Why he wanted to roast Anne Frank
“We roast Abe Lincoln, Freddie Mercury, Cleopatra, Martin Luther King Jr., Muhammad Ali and Anne Frank. And the only ones complaining are the Jews. I was channelling something I once heard Mel Brooks say, which is essentially, you can’t take back the lives lost, but you can seek some revenge through ridicule. And by making Hitler and the Nazis a joke, I think that’s a victory. The Jews survive, and not only that, we flourish. And as Anne Frank, played eloquently by Rachel Feinstein on the show, she says to Hitler, you know the greatest revenge, Hitler, is the fact that you’re being portrayed by the loudest, most annoying Jew we could find.”
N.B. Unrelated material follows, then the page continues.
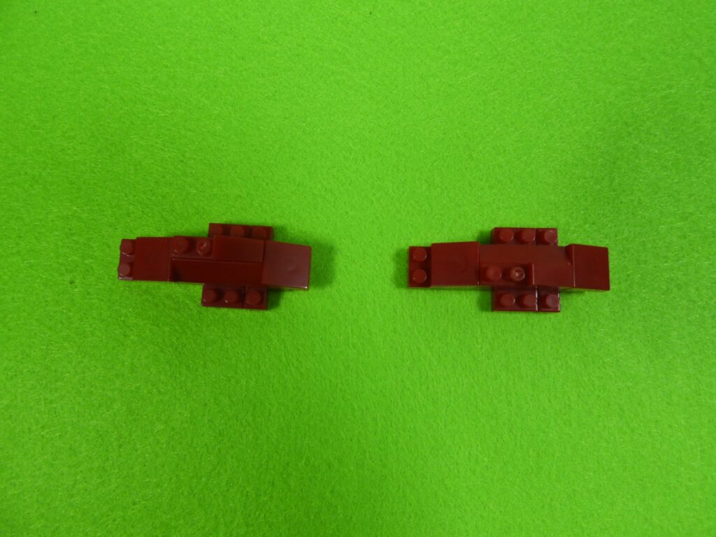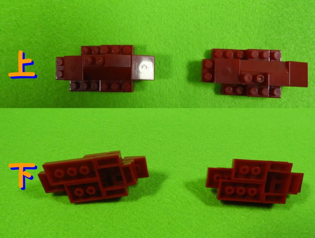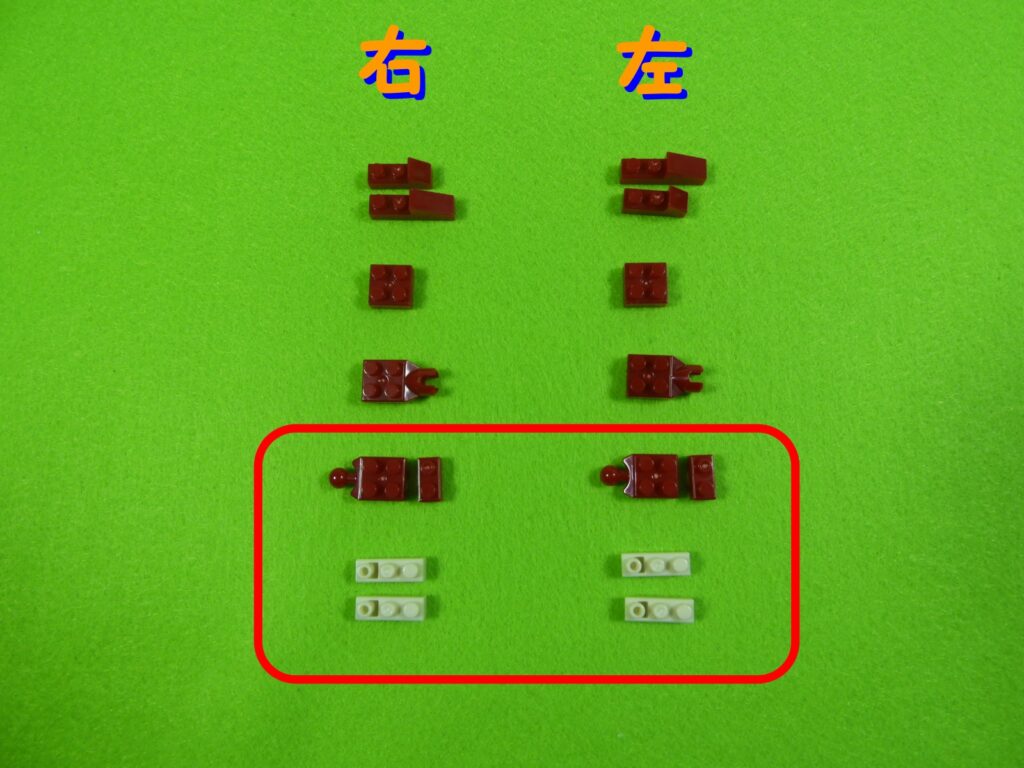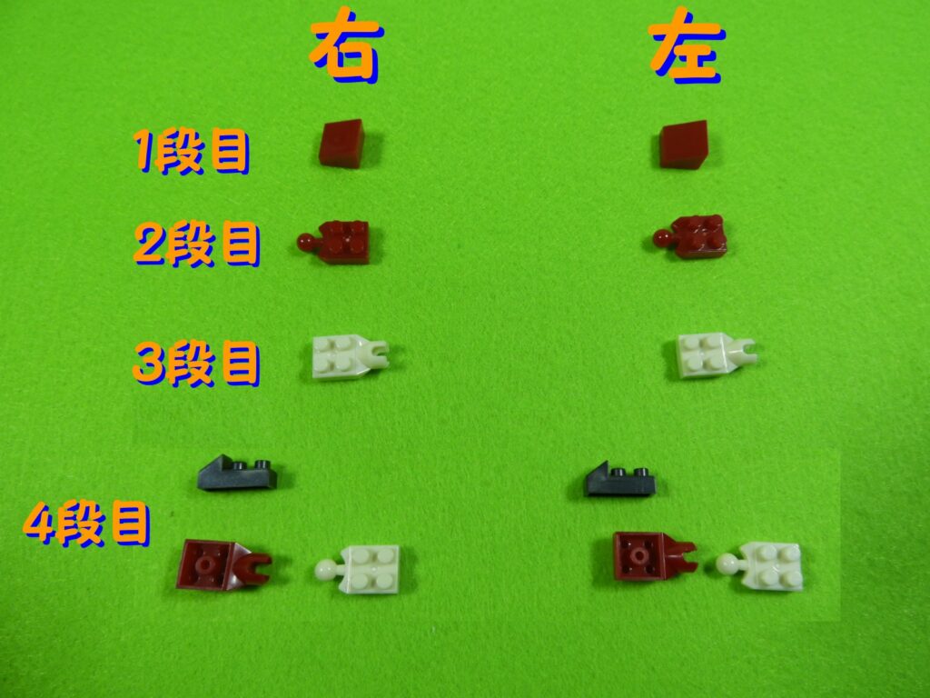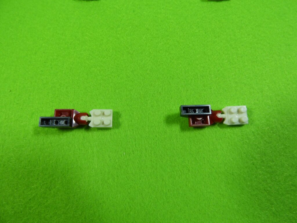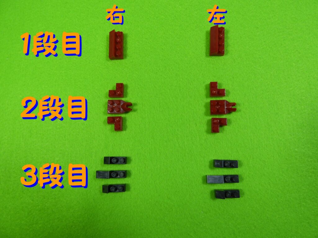 赤ブロックの下に、黒ブロック2個を取り付けるとこんな感じになります。左右で黒ブロックの位置が違うのでよく確認してくださいね。

On casting Gilbert Gottfried as Adolf Hitler
“I called Gilbert up and I told him the idea, I offered him the role and I got to ‘Hit—’ and he said yeah. By the time I got to ‘ler’ he was already booking an airplane ticket. And then he came to rehearsal and lunch and I couldn’t get him to take the armband and the mustache off. He really did some deep, deep acting work there.”
On Amy Schumer naming her baby Gene Attell Fischer after his comedy partner Dave Attell
“I got a little teary-eyed when I saw that Amy did that. Because I do know how much she loves Dave and I certainly know how much he loves her. She appears in our Bumping Mics show, briefly, on Netflix. And they’ve been friends a long time. She’s sort of a sister to us. She’s a really good friend to me and yet they have this other really special thing. They’re both from the same part of Long Island and, listen, Dave might not ever have a kid of his own, so the fact that she’s keeping his last name, Attell, I cried. I was really, really moved by that. It takes a lot to make me sort of fountain-up like that, but man, that was really sweet.”
On roasting Donald Trump
“He was always a pretty decent sport. He would not laugh in front of everybody, but you knew that he understood that it was clever, that it was fun. He would always take me aside afterwards to tell me how great it was. He once hired me to go down to Mar-a-Lago and basically roast him in front of the members of Mar-a-Lago. So he had a sense of humor and he liked the attention. And now there’s something else happening.”